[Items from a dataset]
========

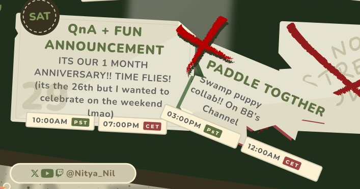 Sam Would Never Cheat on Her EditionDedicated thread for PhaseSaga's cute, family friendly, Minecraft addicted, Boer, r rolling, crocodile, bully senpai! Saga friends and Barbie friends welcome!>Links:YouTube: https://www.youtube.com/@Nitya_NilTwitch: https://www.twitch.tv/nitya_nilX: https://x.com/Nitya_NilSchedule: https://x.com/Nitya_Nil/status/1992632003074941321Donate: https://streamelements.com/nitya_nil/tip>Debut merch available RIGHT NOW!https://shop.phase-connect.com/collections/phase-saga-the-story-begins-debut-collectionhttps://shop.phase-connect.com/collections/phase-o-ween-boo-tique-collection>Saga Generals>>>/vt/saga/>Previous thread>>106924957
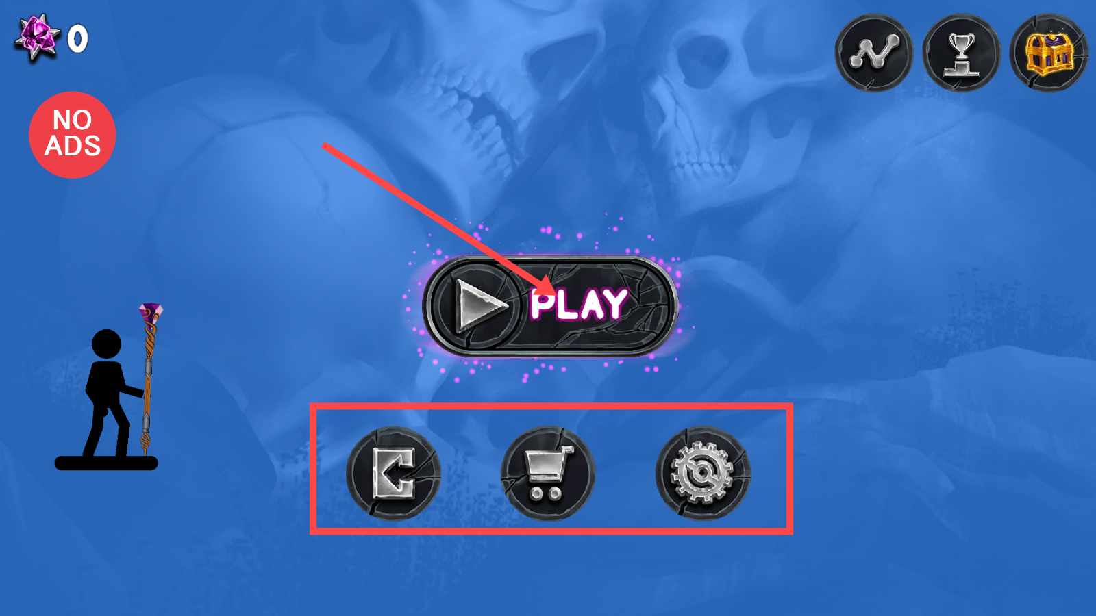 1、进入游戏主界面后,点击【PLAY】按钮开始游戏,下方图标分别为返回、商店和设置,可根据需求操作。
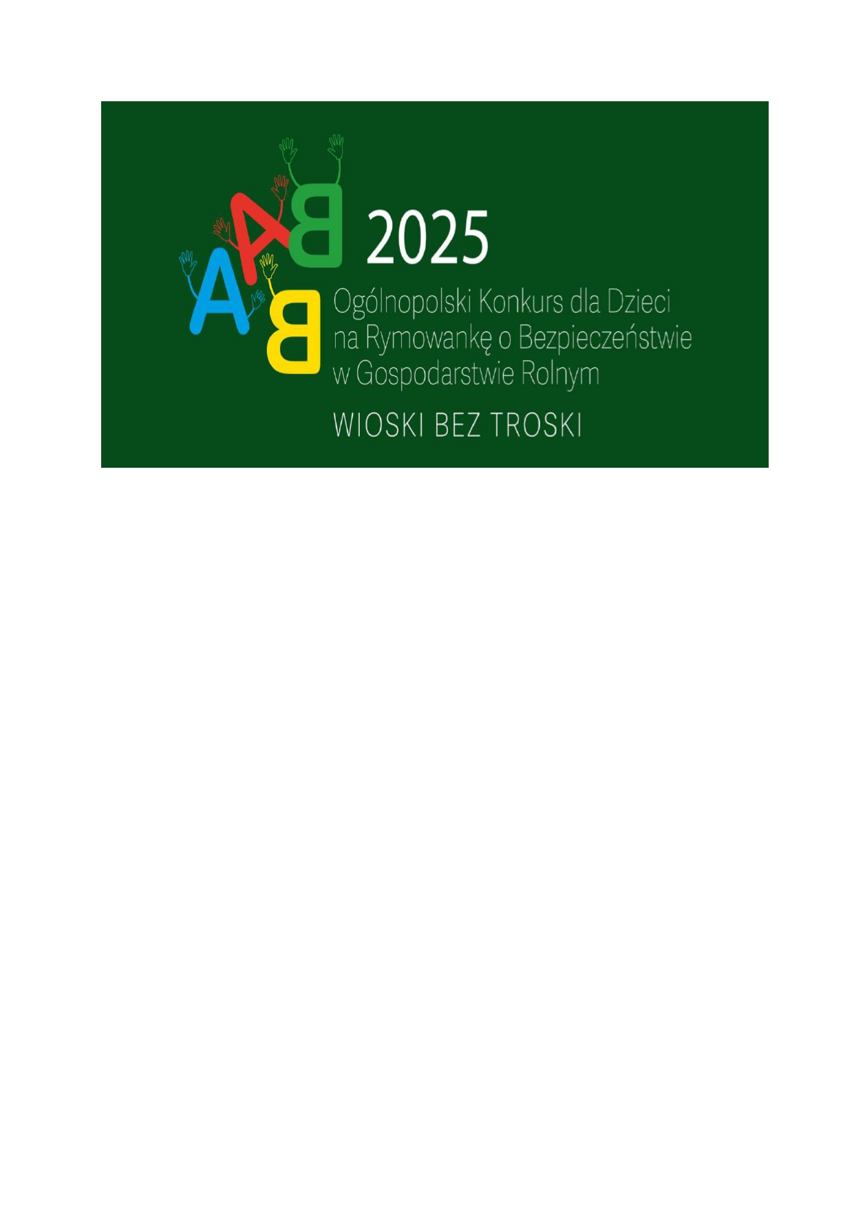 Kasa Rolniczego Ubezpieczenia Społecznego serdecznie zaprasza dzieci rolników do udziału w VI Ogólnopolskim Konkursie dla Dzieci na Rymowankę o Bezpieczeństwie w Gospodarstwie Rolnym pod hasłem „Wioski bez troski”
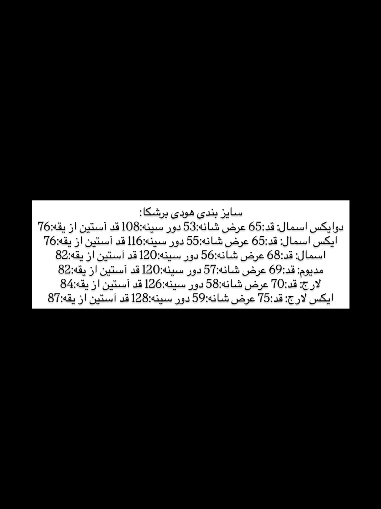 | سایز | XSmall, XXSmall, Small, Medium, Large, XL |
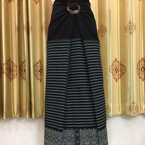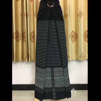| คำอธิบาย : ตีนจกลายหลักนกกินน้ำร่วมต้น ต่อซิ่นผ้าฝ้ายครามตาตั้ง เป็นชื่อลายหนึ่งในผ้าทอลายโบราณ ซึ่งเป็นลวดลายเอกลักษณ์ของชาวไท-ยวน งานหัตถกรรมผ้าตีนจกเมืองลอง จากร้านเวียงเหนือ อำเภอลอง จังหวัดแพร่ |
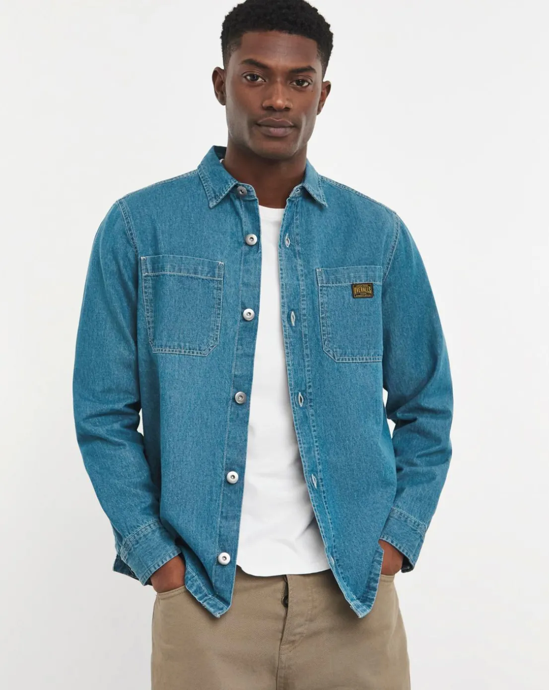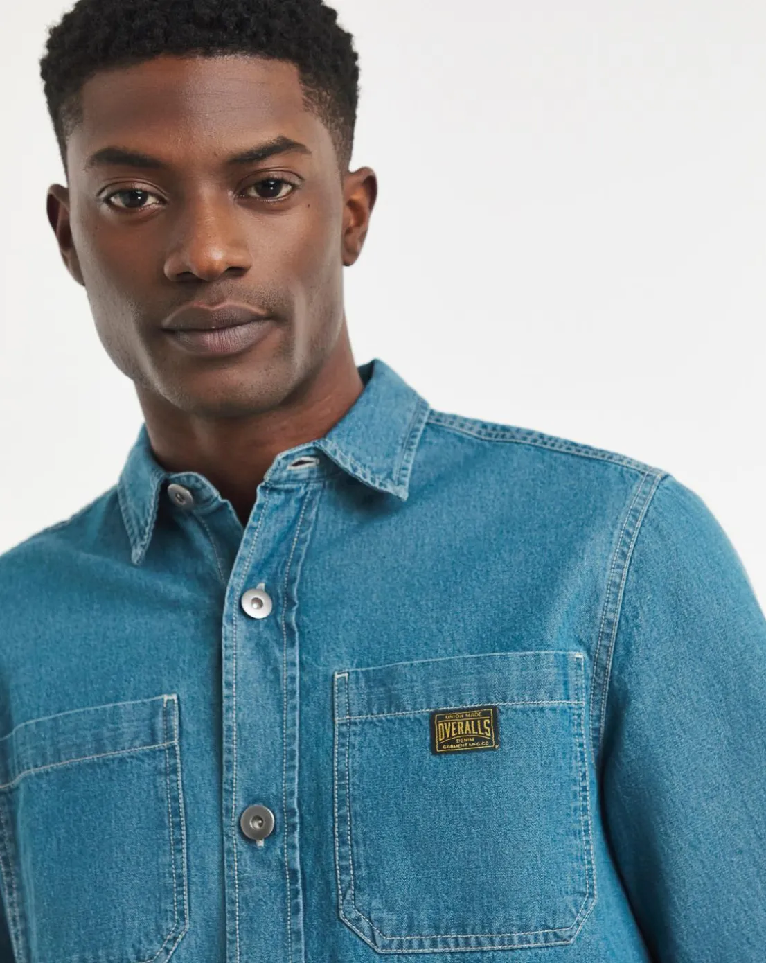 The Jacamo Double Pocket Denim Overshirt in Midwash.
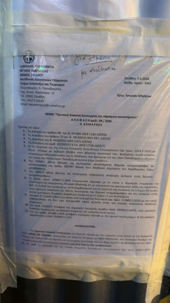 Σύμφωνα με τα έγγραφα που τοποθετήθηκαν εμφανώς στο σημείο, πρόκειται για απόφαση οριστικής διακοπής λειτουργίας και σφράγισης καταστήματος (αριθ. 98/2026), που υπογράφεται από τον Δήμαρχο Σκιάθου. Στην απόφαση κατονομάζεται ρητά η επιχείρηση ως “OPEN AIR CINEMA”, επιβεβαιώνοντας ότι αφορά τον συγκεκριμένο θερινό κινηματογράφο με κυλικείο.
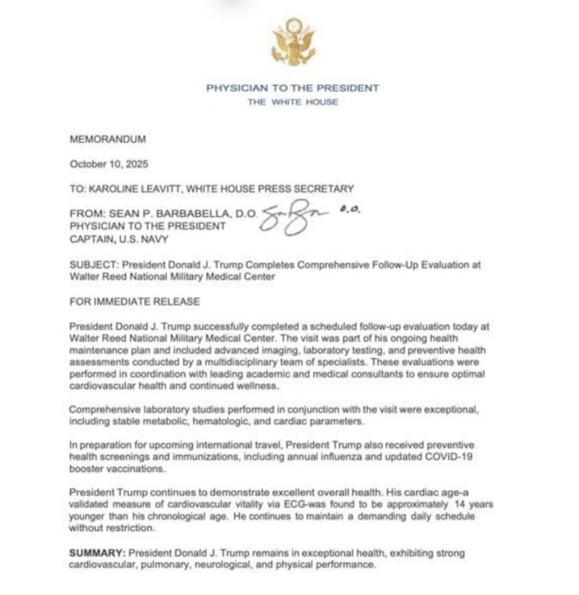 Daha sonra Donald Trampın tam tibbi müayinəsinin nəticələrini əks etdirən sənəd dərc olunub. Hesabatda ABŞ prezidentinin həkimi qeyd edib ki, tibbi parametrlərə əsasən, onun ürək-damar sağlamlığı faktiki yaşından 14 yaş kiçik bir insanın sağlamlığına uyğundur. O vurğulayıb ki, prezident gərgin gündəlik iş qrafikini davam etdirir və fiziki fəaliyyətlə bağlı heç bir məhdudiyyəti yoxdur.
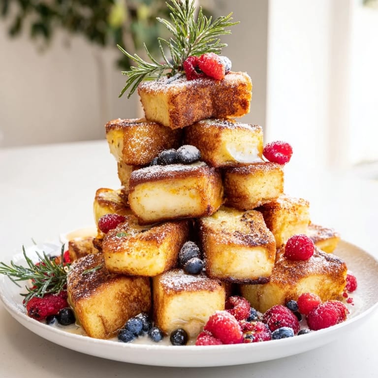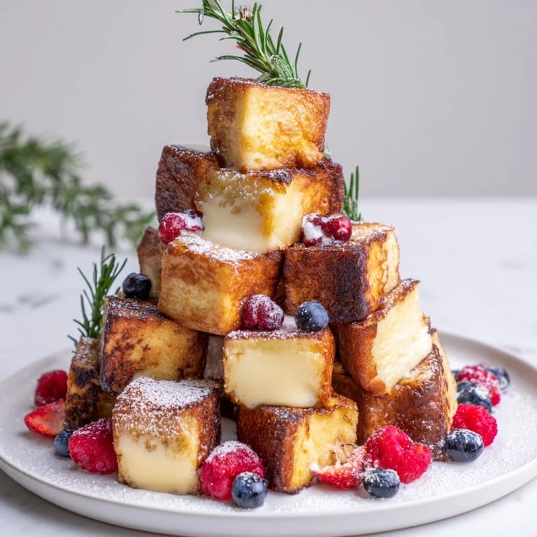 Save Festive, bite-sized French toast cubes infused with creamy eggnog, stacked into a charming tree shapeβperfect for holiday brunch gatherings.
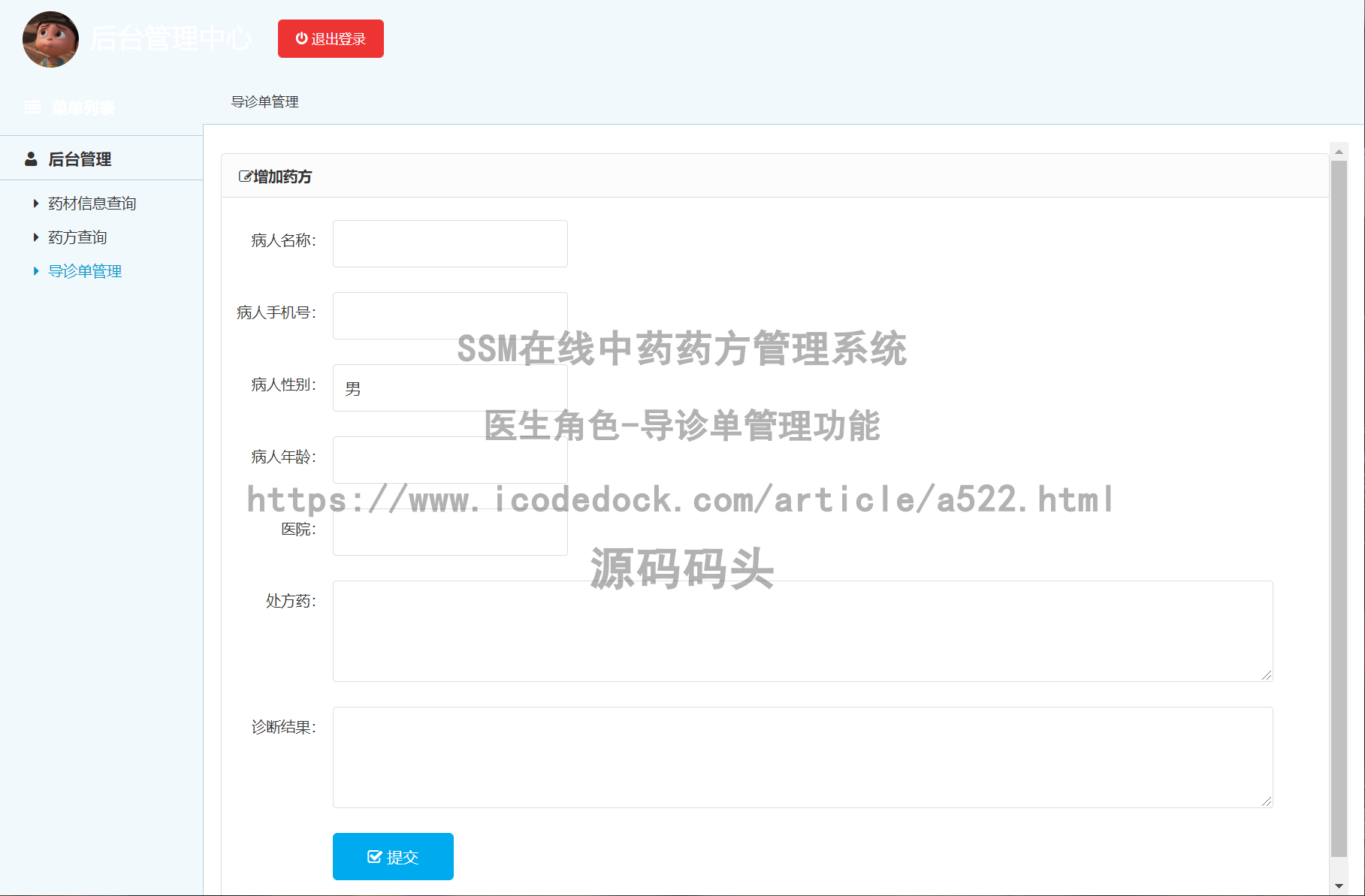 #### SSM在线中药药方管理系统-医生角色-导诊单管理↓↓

========

**INSTRUCTIONS FOR THE TASK**
Out of the records above, please copy exactly the lines from the line with "Kasa Rolniczego Ubezpieczenia" up to and including the line with "อำเภอลอง จังหวัดแพร่ |", minus the pictures.

**REPLY TO THE TASK**
 Kasa Rolniczego Ubezpieczenia Społecznego serdecznie zaprasza dzieci rolników do udziału w VI Ogólnopolskim Konkursie dla Dzieci na Rymowankę o Bezpieczeństwie w Gospodarstwie Rolnym pod hasłem „Wioski bez troski”
 | سایز | XSmall, XXSmall, Small, Medium, Large, XL |
| คำอธิบาย : ตีนจกลายหลักนกกินน้ำร่วมต้น ต่อซิ่นผ้าฝ้ายครามตาตั้ง เป็นชื่อลายหนึ่งในผ้าทอลายโบราณ ซึ่งเป็นลวดลายเอกลักษณ์ของชาวไท-ยวน งานหัตถกรรมผ้าตีนจกเมืองลอง จากร้านเวียงเหนือ อำเภอลอง จังหวัดแพร่ |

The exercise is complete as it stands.